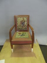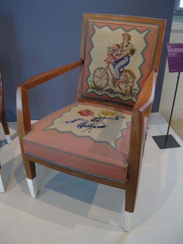 Pieds antérieurs et supports d'accotoirs en gaine à sabots ivoirine. Pieds postérieurs sabre. Devanture légèrement convexe, débordante. Accotoirs plats carrés. Dossier carré, mouluré. Garniture à épaisseur et à ressorts. Couverture : tapisserie de Beauvais : tulipes et sports sur fond crème, encadrement saumon. Listel dents de scie intermédiaire. Au dossier "Le Cycliste".
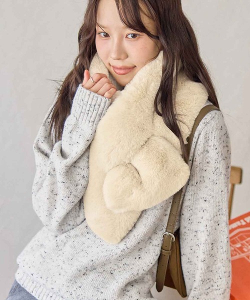まるでリアルファーのようなふわふわで上質なファー素材で仕立てたティペット。
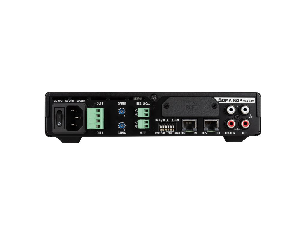 DMA 162P je dvoukanálový výkonový zesilovač pracující ve třídě D, vybavený výkonnou DSP platformou. Jeho typické použití je ve spojení s maticovým řídicím zesilovačem DMA 82 nebo DMA 162, kde umožňuje zvýšení výkonu nebo vytvoření vícezónové architektury.

## Task to complete
What is needed is an exact copy of the lines from the start of the listing above through the line that holds "まるでリアルファーのようなふわふわで上質なファー素材で仕立てたティペット。", with the pictures left out.

## Finished exercise
 Pieds antérieurs et supports d'accotoirs en gaine à sabots ivoirine. Pieds postérieurs sabre. Devanture légèrement convexe, débordante. Accotoirs plats carrés. Dossier carré, mouluré. Garniture à épaisseur et à ressorts. Couverture : tapisserie de Beauvais : tulipes et sports sur fond crème, encadrement saumon. Listel dents de scie intermédiaire. Au dossier "Le Cycliste".
まるでリアルファーのようなふわふわで上質なファー素材で仕立てたティペット。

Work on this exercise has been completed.